Her passion for golf and golf education had led to many achievements. Dr. Fjelstul was honored as an inductee into the University of Northern Iowa’s Hall of Excellence in 2015 and was inducted into the University of Northern Iowa’s Athletic Hall of Fame in 2001. Dr. Fjelstul is a two-time recipient of both the Rosen College Teaching Incentive Award and the Rosen College Undergraduate in Teaching Excellence Award. Dr. Fjelstul spent 13 years as a Division of head women’s golf coach, was twice named Conference Coach of the Year led two teams and one individual to three NCAA Regional appearances, and coached two teams to conference titles. Her “on the course” accomplishments include multiple individual titles, team titles, and as a record holder. Dr. Fjelstul began her teaching, coaching, and research career at her alma mater, the University of Northern Iowa.

About Marc Gelina

Marc Gelina developed an interest in tennis at just the age of 10 years old. Because of his strong playing background during high school, he was able to earn himself a scholarship to Central Michigan University where he played tennis for four years while earning a BS in Business. Gelina eventually moved on to Lochmoor Club in Grosse Pointe Woods, Michigan and became the Director of Tennis where he developed a large program. Gelina moved on to eventually receiving his Master’s degree in Sports Administration from the Wayne State University. During the lifespan of his career, Gelina earned many high honors, such as the Michigan Pro of the Year, and was the President of the Michigan USPTA pros. Gelina eventually moved on to a position in Wichita, Kansas, at the Crestview Country Club, the largest private golf club in Kansas.

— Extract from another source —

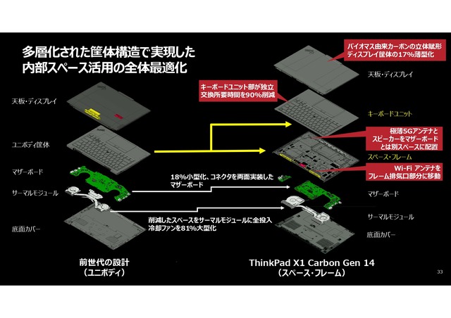 フラッグシップのThinkPad X1 Carbon Gen 14 Aura Editionには、2014年のユニボディ採用以来の革新という新筐体構造「スペースフレーム」を採用。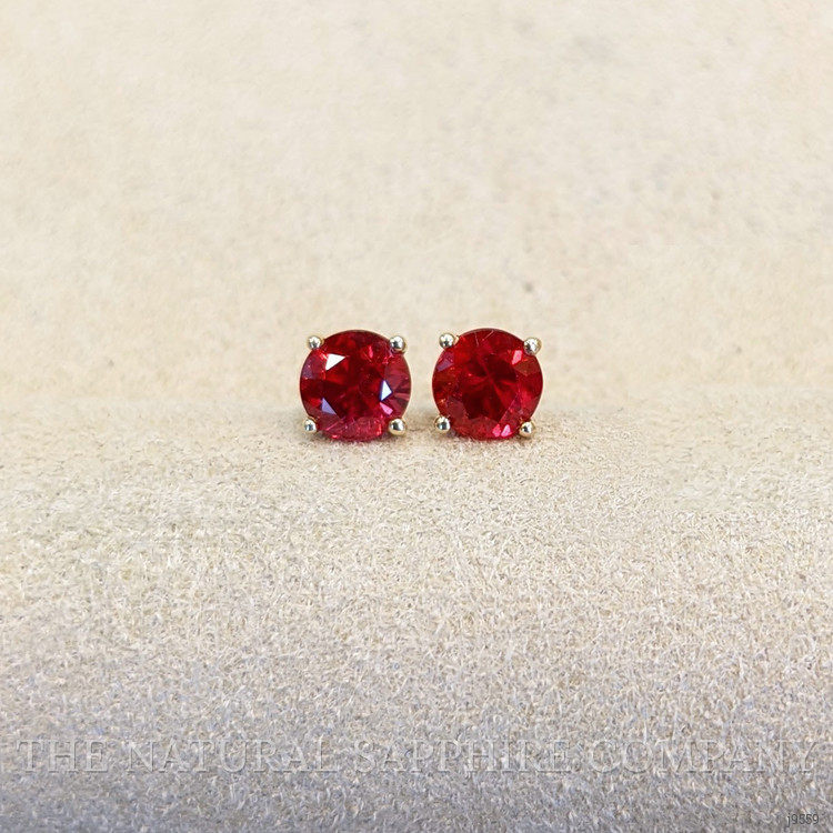 The centerpiece of these exquisite earrings is a stunning pair of transparent rubies, together weighing 0.65 carats, sourced from the renowned gem-rich land of Mozambique. The allure of Mozambique rubies is in their exceptional color and quality, which has gained them significant acclaim among gem enthusiasts and collectors. These rubies are expertly crafted into a round shape with dimensions of 4.00 x 4.00 x 2.65 mm. Each ruby is meticulously cut in a mixed brilliant style, designed to maximize their display of vivid color and brilliance. This cutting style combines the precision and light-catching facets of brilliant cuts, enhancing the rubies' ability to captivate and hold the viewer's eye.

During his time at the Crestview Country Club, Gelina received many honors, including Kansas Pro of the Year four times, High Performance Certification, and over 50 players who trained under him. Gelina’s job at the UCF Rosen College is to recruit for the PTM program within the Hospitality Degree, mentor and work with students while they are on their internships, and help them find great jobs in the tennis industry.